So how can I draw rectangle for detected text?
I tested your code and had exactly the same problem.
For now I still can't find the problem within.
But I found a project using both "MSER" and "Morphological".
you can find it here .
The project have very simple structure and the author put the
text detection in "onCameraFrame" method just like you.
I implemented the method from that project and it worked,
but the result was still not very good.
If you seek better text detection tool, here's two of them.
Stroke Width Transform(SWT):
A whole new method for finding text area. It's fast and efficient. however it is only available in c++ or python. you can find some example here.

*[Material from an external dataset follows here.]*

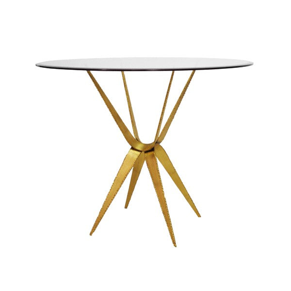 SCULPTURAL FOYER TABLE BASE IN GOLD LEAF WITH 36" DIA GLASS TOP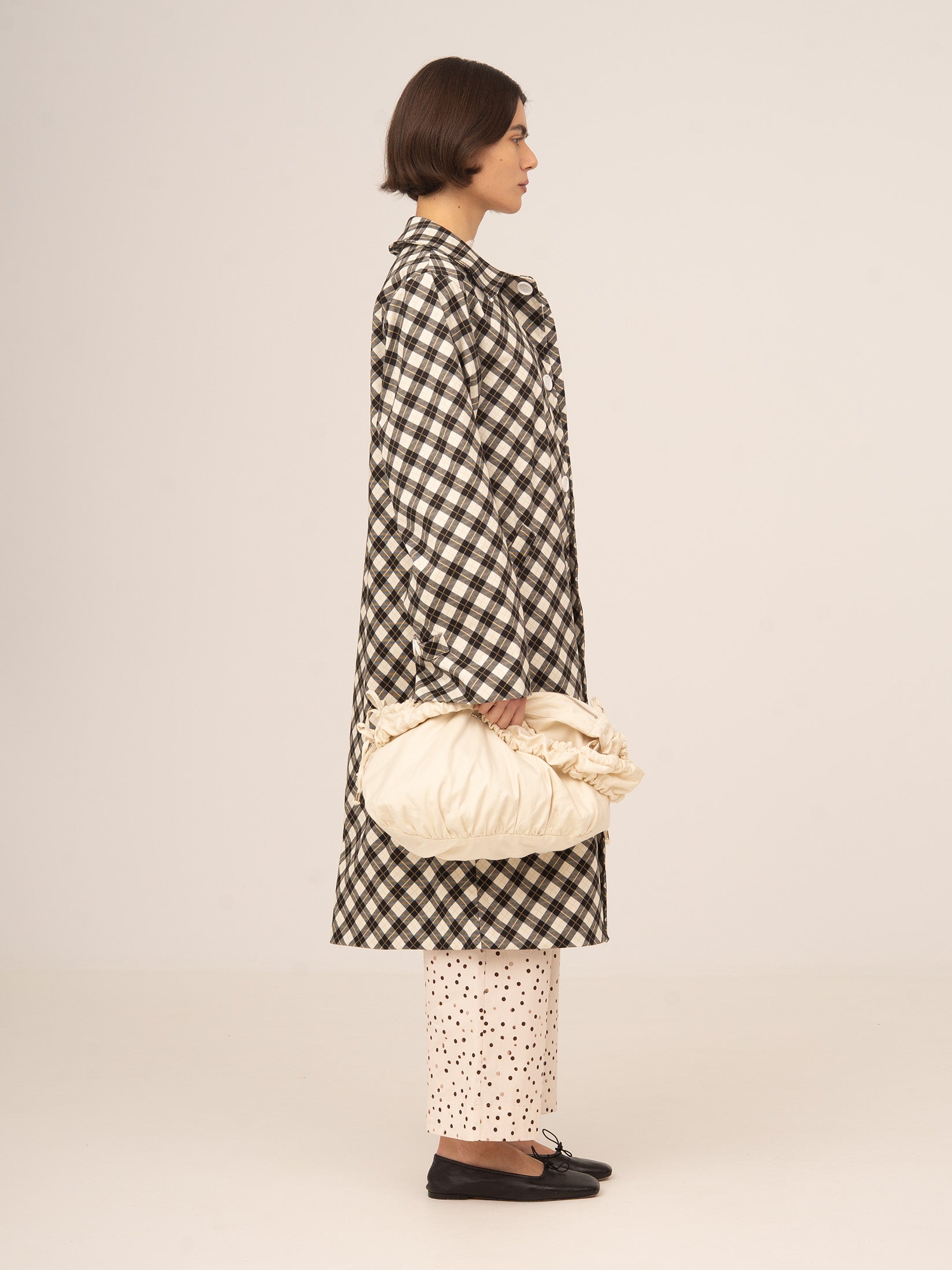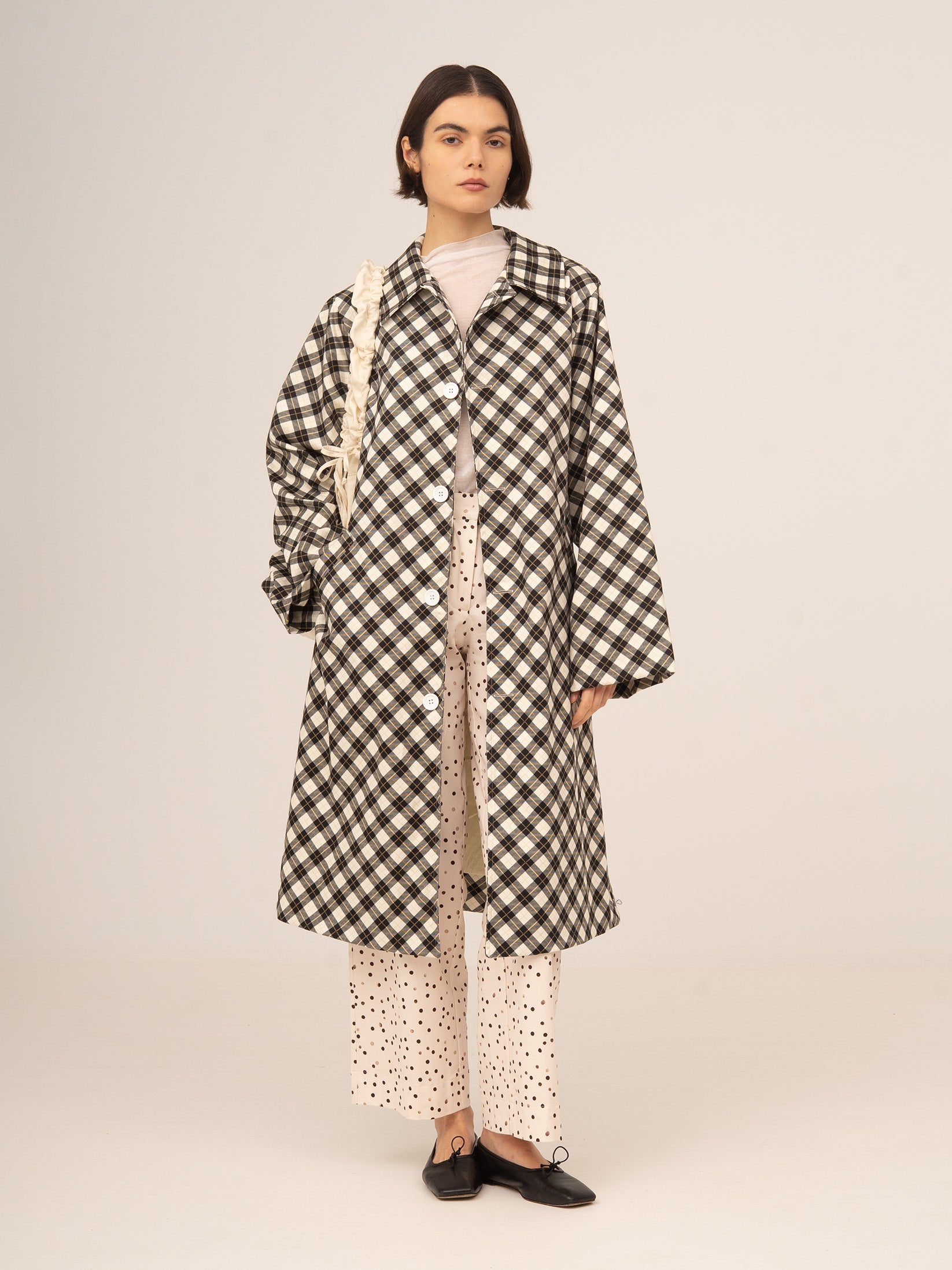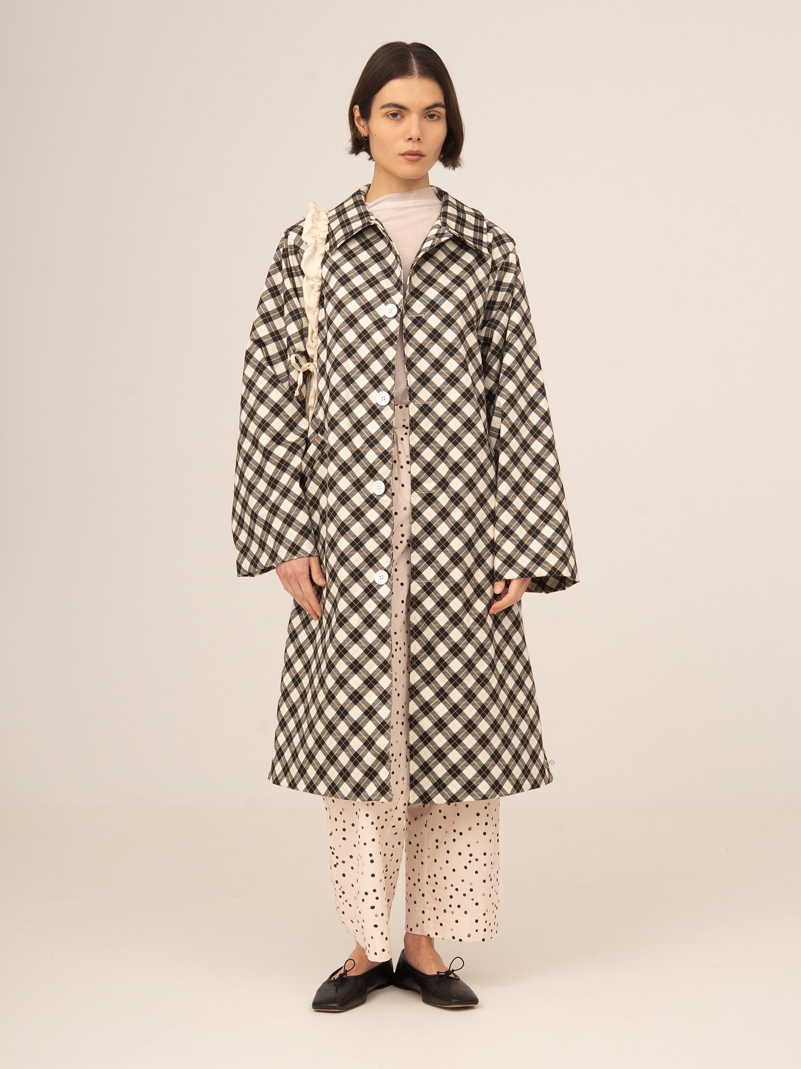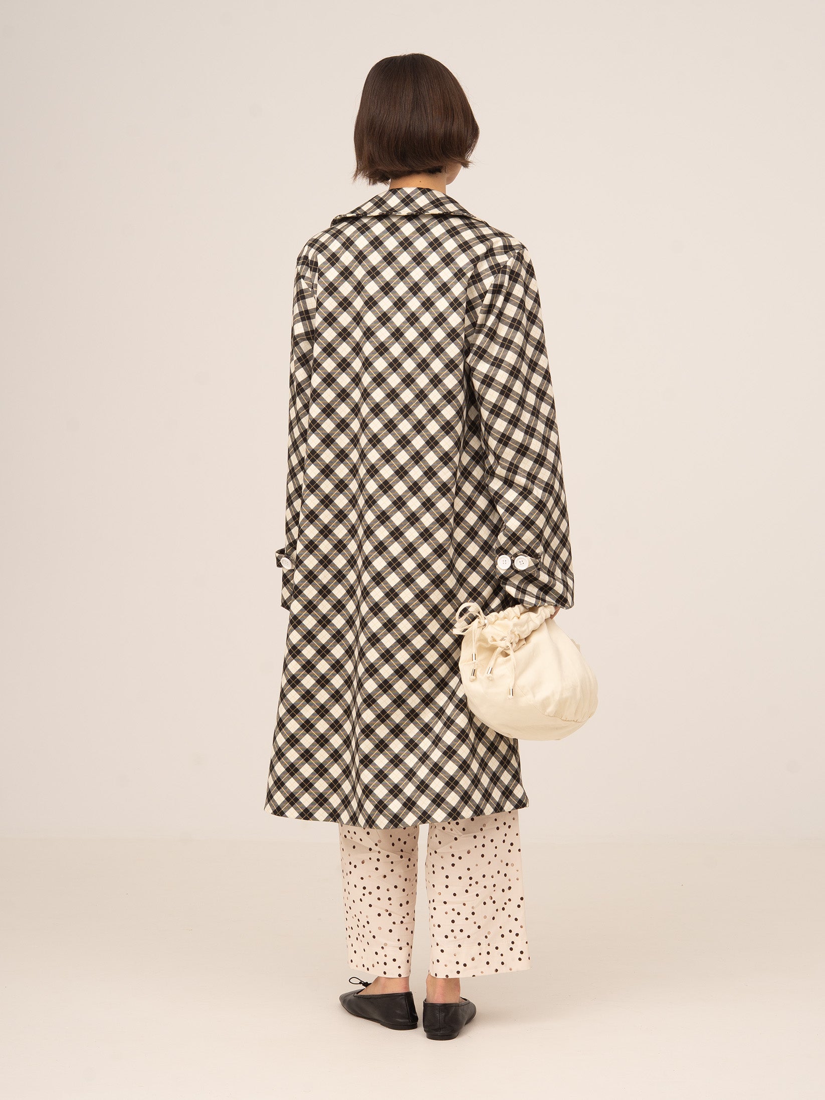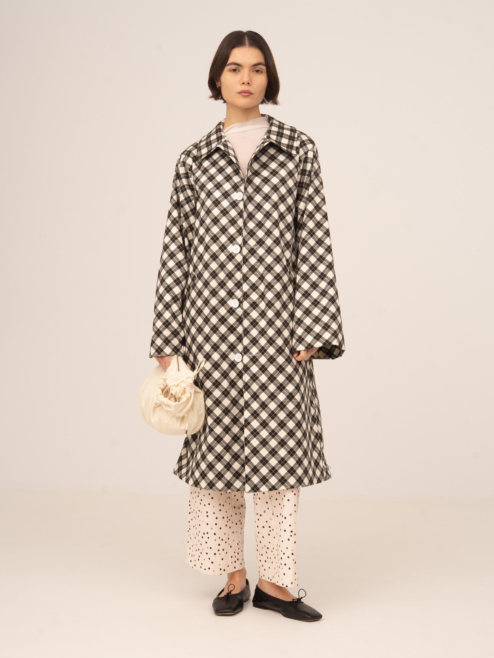 Gabardina larga con estampado de cuadros en tono negro y fondo blanco. Diseño amplio y fluido. Con cuello clásico y botones grandes. Abertura mediante botonadura central.

Class-specific Extremal Regions using class ERFilter:An advanced version of the MSER. Unfortunately, it is only available in OpenCV 3.0.0-dev. You can't use it in current version of OpenCV4Android. The document is here.
To be honest I am new in this area(2 months), but I hope these information can help you finish your project.
(update:2015/9/13)
I've translated a c++ method from a post.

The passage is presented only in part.